Terminal Imaging Radar (TIR) was a radar intended for missile defense use in the terminal phase by High Endo-atmospheric Interceptors [HEDI] that need high resolution and discrimination information. In February 1983 the Sentry Interceptor Program, closely tied to the MX deployment, was terminated. Work on the data processing system and radar continued. The radar system, later renamed the Terminal Imaging Radar, was a predecessor to the current X-band radar.
As planned in 1988, an Airborne Optical System [AOS] would track the RVs initially, after warning from the boostphase surveillance and tracking system (BSTS) and possible designation by SSTS (if available). The AOS would hand target track information off to the ground-based terminal imaging radar (TIR). The TIR would discriminate RVs from decoys both on shape (via doppler imaging) and on their lower deceleration (compared to decoys) upon entering the atmosphere. Interceptors would attack the RVs at altitudes between 12 and 45 km. As of 1988 it appeared that the radar may be ready for deployment in the 1990s.
The TIR experiment was to demonstrate a ground-based, phased-array, X-band radar that can (1) receive data from the AOA, (2) acquire and track targets, (3) discriminate between threatening and non-threatening objects, (4) provide Information to help interceptors find and destroy reentry vehicles, and (5) assess reentry vehicle damage. The objective of the experiment was to demonstrate the capability to correctly identify reentry vehicles in time for interceptors to destroy them before significant damage is done. Although the Army had been conducting ballistic missile defense research and development for years, most of this effort had focused on defending targets such as Minuteman silos which have been hardened to withstand nuclear blast. Defending soft targets such as industrial centers and people will mean intercepting the enemy warhead6 at much higher altitudes so that ground damage will be limited even if the warhead6 detonate. This means that the radar will have to discriminate between the threatening and non-threatening objects at the higher altitudes. The Army now believed that the X-band radar will provide the needed capability.

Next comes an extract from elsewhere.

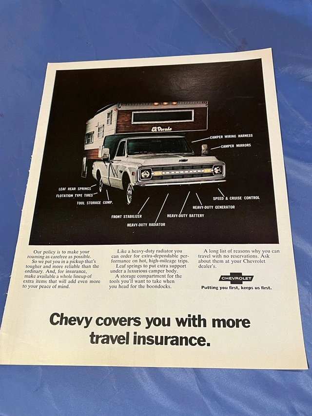 51970 Chevrolet Truck with Camper Original Ad Size: 10-1/4" X 13-1/4" Condition: Used - Good More Info: Art For Sale By: Owner Curbside pick up: Yes Cash accepted: Yes
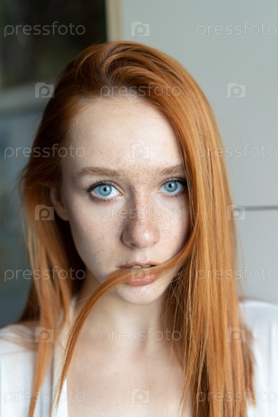 Портрет молодой красивой женщины с рыжими волосами в студии

The TIR experiment contracts were awarded in June 1985 to Westinghouse Electric Corporation and the Raytheon Company for preliminary design work. In December 1985, the Army exercised options under the contracts for detailed design of the radar. As of 1986 plans were to select one of the two contractors in December 1986 to build the radar hardware and conduct the experiment at Kwajaleln Missile Range.
The X-band radar will have more power and wider processing bandwidth than previous ballistic missile defense radars. with the additional power and wider bandwidth, the radar can more precisely track and identify enemy warheads. The TIR would have been first US X-band ballistic missile defense radar. The ability to generate images of reentry vehicles from radar data has been demonstrated.
Correctly identifying threatening enemy warheads is essential for an effective terminal defense system. The TIR will have an extremely limited amount of time for discrimination. To achieve a real time operational capability, the TIR will require highly accurate methods for identifying and classifying enemy warheads, and very fast data processinq hardware that has a very large memory capacity.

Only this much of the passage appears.